Fouilles
images contre images
Luce Mongo-Mboussa
Ce projet de fouilles découle de ma fascination pour les corps pétrifiés de Pompéi. Plus largement, les racines de ce travail plongent dans le mystère de la disparition physique des lieux et des corps, dès lors qu'ils échappent à la vue. Il a pour base une collecte d'images composée de photographies prises sur les sites de Pompéi et Herculanum, mêlées à d'autres ressources trouvées sur le net. Ce mixte d'images constitue le matériau de base d'un processus de refonte imaginaire de cette documentation, dont les différentes étapes interrogent la matérialité même du support physique de ces images. Re-dessinée, mixée et transférée sur papier, le dos des images produites est "peluché" de manière à en fouiller les strates, de partir à la recherche du seuil d'où peut émerger la figure humaine. Les "pelures" découlant de cette étape du "peluchage" ont été réutilisées pour le modelage de masques, sorte de reconstitution matérielle des visages disparus issue de la matérialité même des images produites.

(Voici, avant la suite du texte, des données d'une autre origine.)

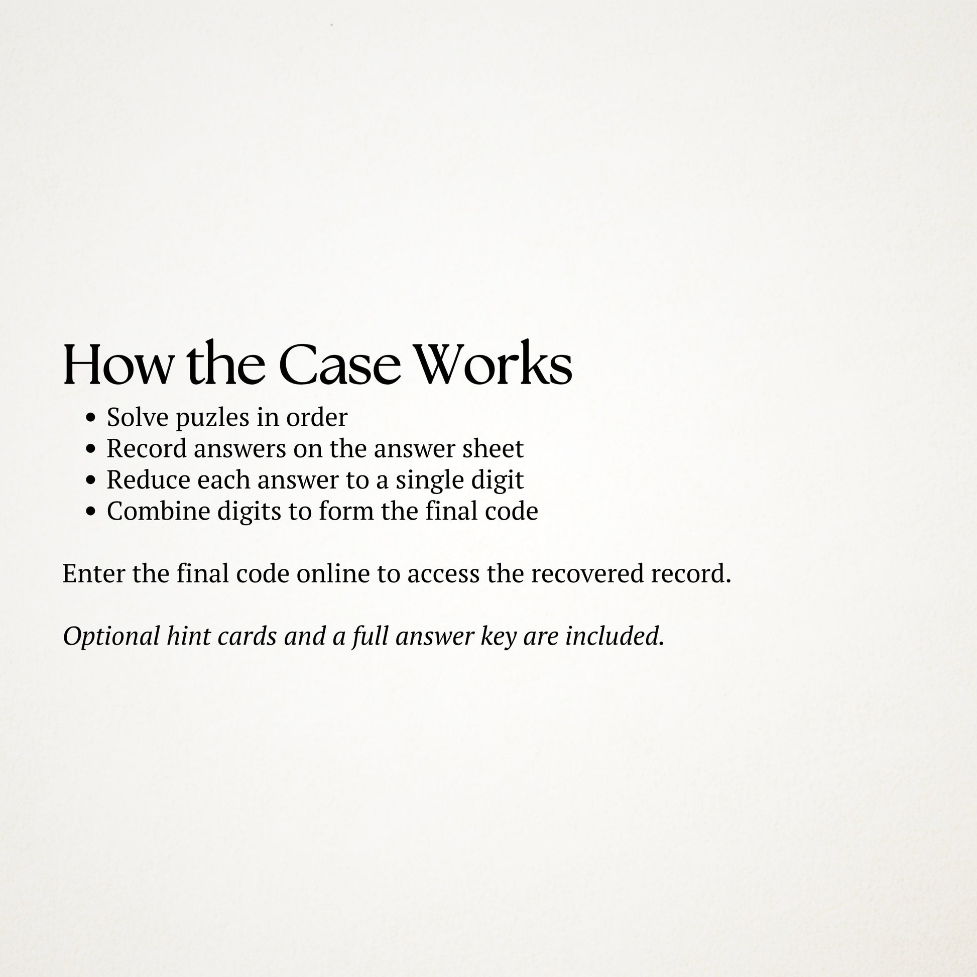 Looking for a quiet, immersive puzzle experience built around documents, records, and careful review? Something slower, more methodical, and more reflective than a traditional escape room or party game.

Entre archéologie et palimpseste, ces strates d'images retravaillées, abordent aussi un pli actuel. Celui de ces quantités d'images conservées, immatérielles et silencieuses, qui habitent nos disques durs, échappent à la vue, mais qui sont les gardiennes d'un récit potentiel. C'est cette potentialité de l'image à raconter plus que ce qu'elle expose qui m'intéresse ici. À l'instar de Pompéi et Herculanum, dont l'excavation met en même temps à jour une vérité et un imaginaire des lieux, ce projet a pour objectif d'élargir la vie des images choisies, de leur offrir une autre matérialité, une autre temporalité. Projet que je veux voir comme une espèce de réalité augmentée.
Au fur et à mesure du travail, la surface "peluchée" du verso des images m'a évoqué "ce qui se trame et s'enchaîne" de résistance et de fragilité dans cette fine surface, comme un tissu. Paradoxalement, plus je touchais à la fragilité physique des images plus j'entrais dans l'épaisseur de ce qui la constitue.